Local officials joining statewide effort to ban powdered alcohol.

June 3, 2015

LUDINGTON – Local medical professionals, law enforcement leaders and businesses are joining a state-wide effort calling for a ban on powdered alcohol.

“Alcohol abuse results in health and safety issues that often have a devastating impact to families in our community.  Powdered alcohol is the kind of product that can be easily misused by adults and minors, which is my biggest concern” said Mark Vipperman, president of Spectrum Health Ludington Hospital.  “Because of the significant risk factors that are being associated with powdered alcohol, I don’t believe that this product ought to be offered for sale to the general public.”

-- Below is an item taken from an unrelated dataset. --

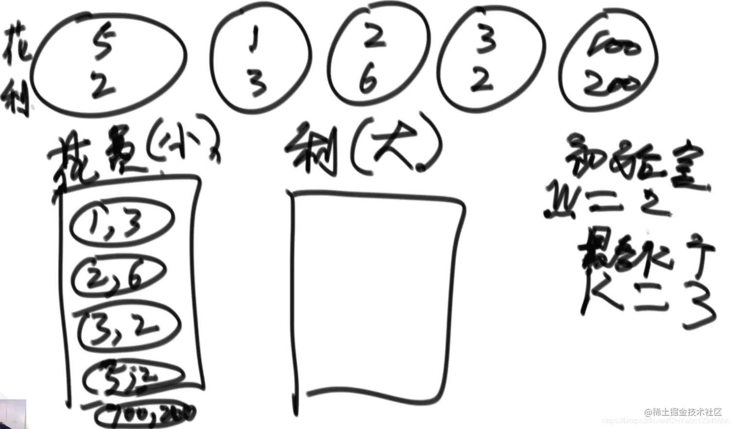 - 按照花费的钱建立小根堆,这个是被锁定的状态,根据初始的钱,比如w=2,解锁(1,3)和(2,6) ,按照利润的高低,压入利润大根堆中,(2,6)(1,3)加入栈中,然后将其从小根堆中删除。然后做第一个项目(2,6),此时自己的钱数为8,那么将小于8的花费的项目解锁,以此类推。
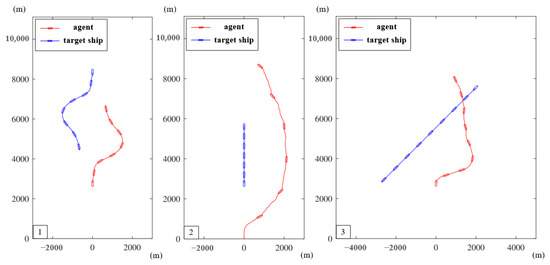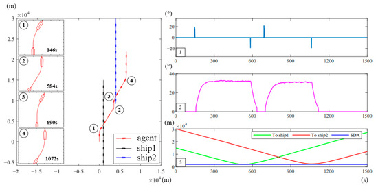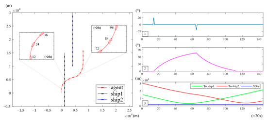 In this case, a more complex simulation experiment involving three ships is designed. The agent is designed to avoid collisions with two target ships simultaneously, while taking into account the provisions of the COLREGs and good seamanship. The initial positions of these ships are set in advance, and if any avoidance action is not performed, collision will be inevitable. The minimum allowable distance between the agent and the other two ships is set to 1 NM.

While the federal government has cleared the way for powdered alcohol to be sold, the product is not expected to be commercially produced until this summer. Individual states decide whether powdered alcohol can be sold, in accordance with their own state-based alcohol laws and regulations as allowed under the 21st Amendment of the U.S. Constitution. To date, at least six states have passed laws banning powdered alcohol and more than 30 are considering banning it. Michigan is considering proposals to ban powdered alcohol by Sen. Rick Jones (R-Grand Ledge), a former Eaton County sheriff, and Rep. Scott Dianda (D-Calumet), a former retail store owner. Their plan has broad bipartisan support, passing the Senate on May 20 and now awaits action in the state House.

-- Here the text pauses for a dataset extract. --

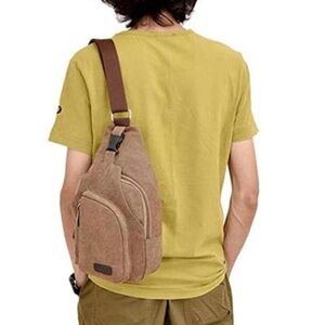 In new like condition. Sport pack chestpack/backpack brown/gray canvas material. Has a lot of storage for a smaller bag.

“Powdered alcohol can be spiked into someone’s food and drinks without people’s knowledge, it can be snuck into schools and libraries, and it can be accidentally ingested by small children who mistake it for candy,” said Ludington Police Chief Mark Barnett. “Powdered alcohol opens the door wide open for illegal underage drinking and intentional and even accidental over-consumption. Powdered alcohol opens the door to more alcohol-related problems at a time when law enforcement, hospitals and first responders are doing more with less to keep our roads and our communities safer.”

“Law enforcement officers see for ourselves what happens when alcohol is abused and one of the most devastating things any family can go through is to lose a loved one because of something that could have been avoided altogether,” said Mason County Sheriff Kim Cole. “Powdered alcohol is a product that can be abused and misused by too many people. It can be consumed in dangerous ways that will spell trouble for families and businesses in our community, and it’s something we should keep out of Michigan.”

“Our family owned business and our employees have deep roots in the community – and that’s why we oppose powdered alcohol, which is a big problem in a small packet,” said Willie Reed, president of Ludington Beverage. “Powdered alcohol is an irresponsible product that can easily slip through the safeguards our communities have put in place to keep alcohol away from kids and make sure only legal adults have access to alcoholic beverages. The risks of powdered alcohol are too great, and that’s why businesses are standing with medical professionals and law enforcement leaders across Michigan to support a ban.”

The call comes as statewide medical, law enforcement and business organizations announced their support for a ban on powdered alcohol in late April.